Problem statement -> Locate the line that contains "A few steps". Retype it and every line after it to the end of the records, exactly, but not the pictures.

Extracted material ->
────────────────────────────────────────

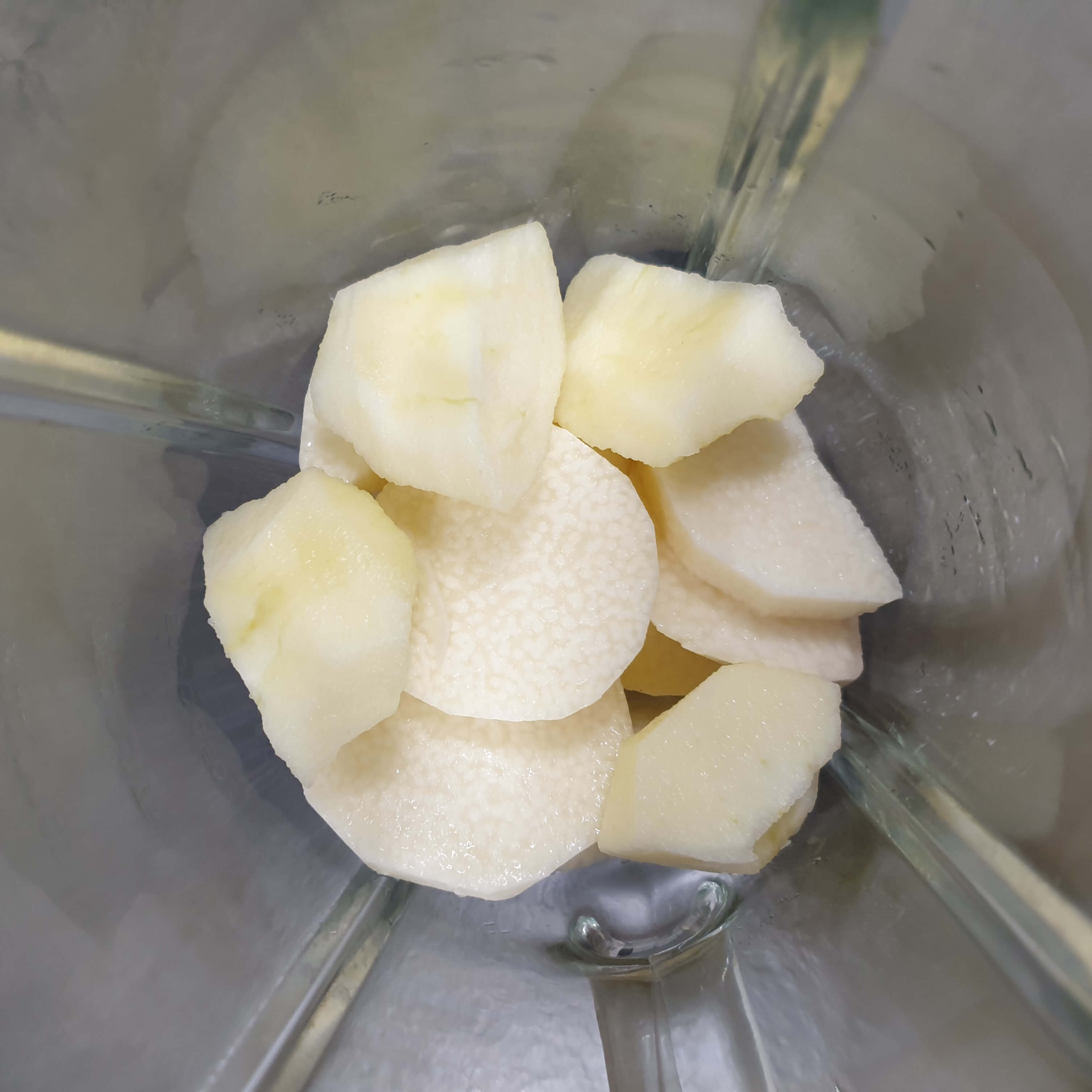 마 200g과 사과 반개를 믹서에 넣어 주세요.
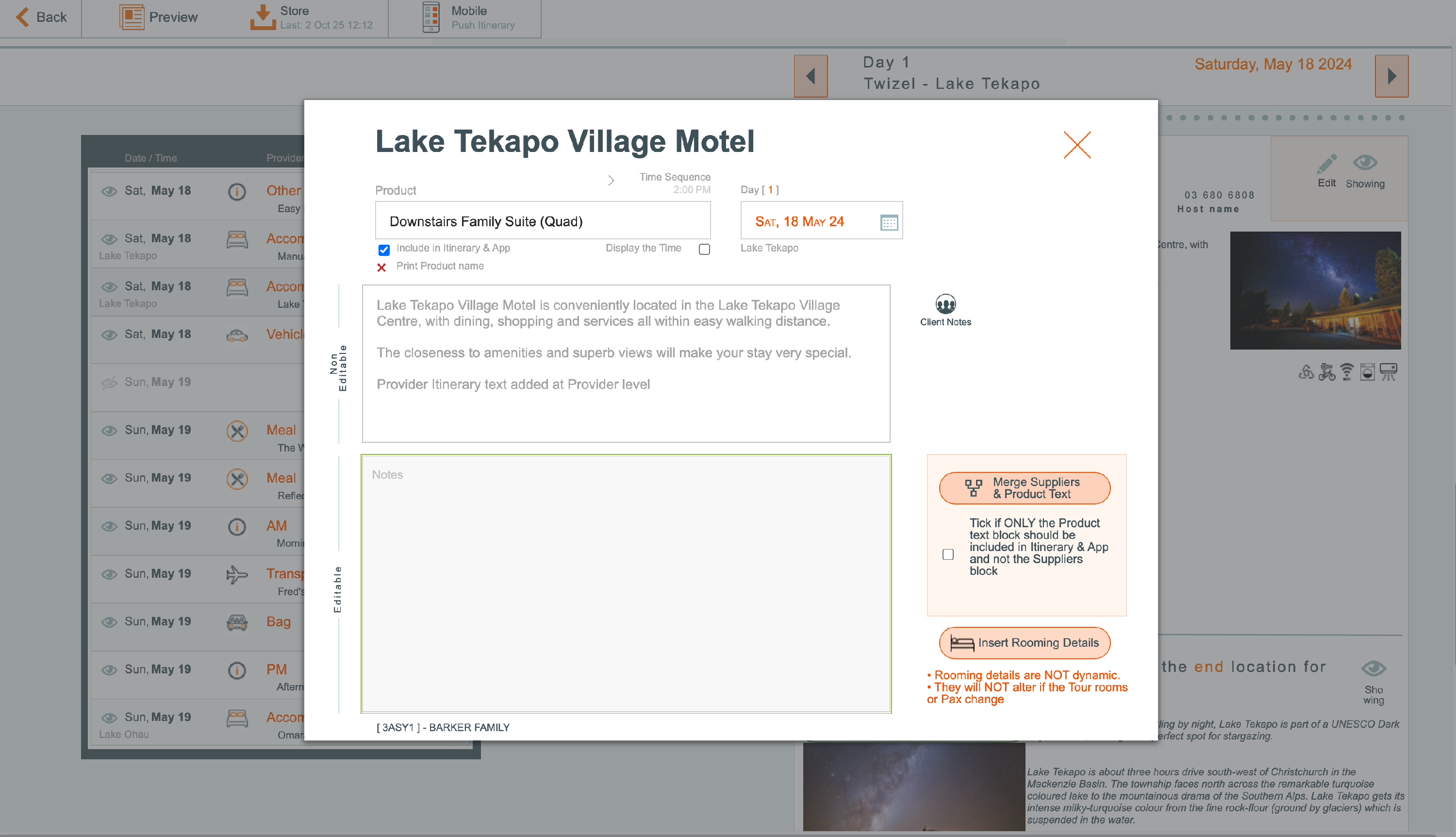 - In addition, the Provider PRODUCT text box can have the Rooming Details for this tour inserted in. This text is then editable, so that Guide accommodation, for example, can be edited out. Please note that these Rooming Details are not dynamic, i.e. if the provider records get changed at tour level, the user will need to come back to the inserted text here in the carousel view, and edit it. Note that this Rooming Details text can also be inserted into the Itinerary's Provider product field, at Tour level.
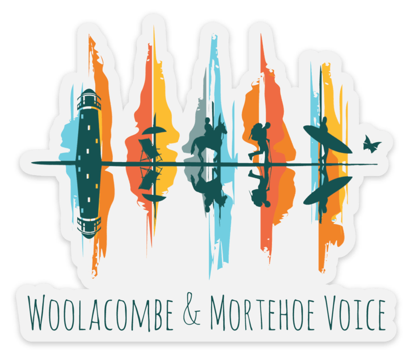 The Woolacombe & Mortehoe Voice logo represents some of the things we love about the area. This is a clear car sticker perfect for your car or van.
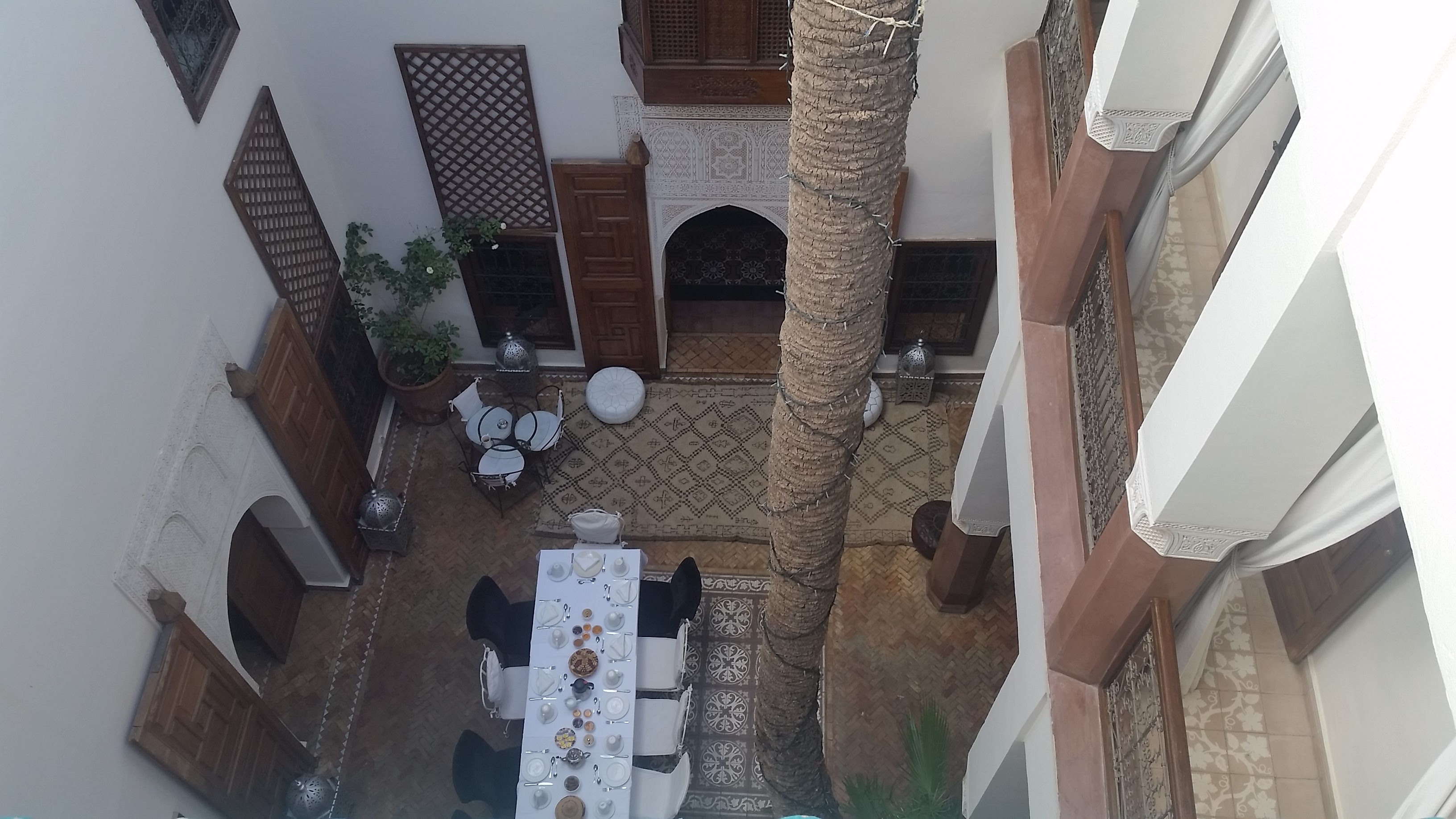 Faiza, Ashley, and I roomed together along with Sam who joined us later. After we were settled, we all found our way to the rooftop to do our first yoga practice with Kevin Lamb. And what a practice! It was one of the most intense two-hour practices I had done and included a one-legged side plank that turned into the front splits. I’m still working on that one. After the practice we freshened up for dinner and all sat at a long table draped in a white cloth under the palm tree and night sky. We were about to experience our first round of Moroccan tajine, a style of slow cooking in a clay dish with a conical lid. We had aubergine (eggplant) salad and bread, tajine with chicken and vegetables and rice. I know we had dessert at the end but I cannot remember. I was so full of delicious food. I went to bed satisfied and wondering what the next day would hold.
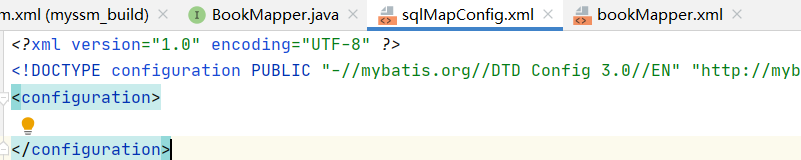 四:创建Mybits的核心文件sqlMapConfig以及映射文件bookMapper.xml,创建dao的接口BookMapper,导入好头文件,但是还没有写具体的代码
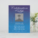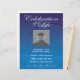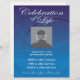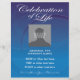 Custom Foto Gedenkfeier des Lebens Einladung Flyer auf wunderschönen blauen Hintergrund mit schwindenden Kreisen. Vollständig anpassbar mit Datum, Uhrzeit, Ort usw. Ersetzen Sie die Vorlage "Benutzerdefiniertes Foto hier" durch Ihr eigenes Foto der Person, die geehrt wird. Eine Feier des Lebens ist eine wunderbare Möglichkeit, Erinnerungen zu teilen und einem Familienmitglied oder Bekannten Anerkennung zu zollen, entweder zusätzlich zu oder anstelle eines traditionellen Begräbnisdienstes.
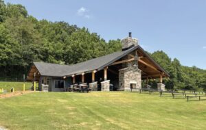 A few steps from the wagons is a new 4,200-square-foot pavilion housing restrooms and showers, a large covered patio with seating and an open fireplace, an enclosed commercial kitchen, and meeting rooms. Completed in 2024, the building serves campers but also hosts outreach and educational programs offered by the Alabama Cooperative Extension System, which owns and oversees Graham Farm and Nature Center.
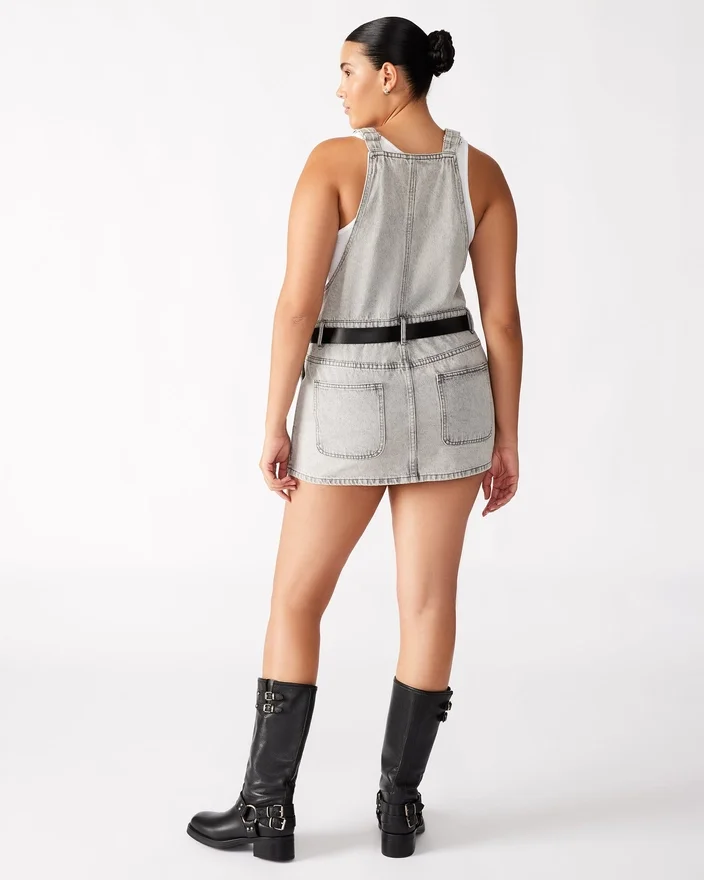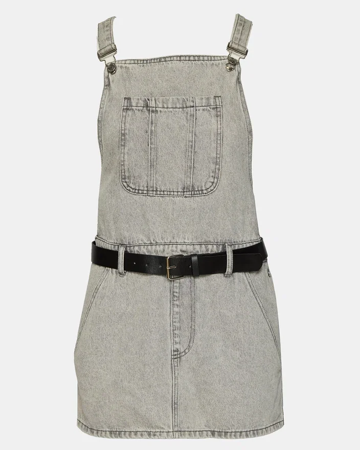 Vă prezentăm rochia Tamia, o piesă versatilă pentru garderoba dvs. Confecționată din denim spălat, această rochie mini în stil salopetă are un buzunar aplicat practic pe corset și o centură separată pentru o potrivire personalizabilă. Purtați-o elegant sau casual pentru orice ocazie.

────────────────────────────────────────

Finished exercise ->
 A few steps from the wagons is a new 4,200-square-foot pavilion housing restrooms and showers, a large covered patio with seating and an open fireplace, an enclosed commercial kitchen, and meeting rooms. Completed in 2024, the building serves campers but also hosts outreach and educational programs offered by the Alabama Cooperative Extension System, which owns and oversees Graham Farm and Nature Center.
 Vă prezentăm rochia Tamia, o piesă versatilă pentru garderoba dvs. Confecționată din denim spălat, această rochie mini în stil salopetă are un buzunar aplicat practic pe corset și o centură separată pentru o potrivire personalizabilă. Purtați-o elegant sau casual pentru orice ocazie.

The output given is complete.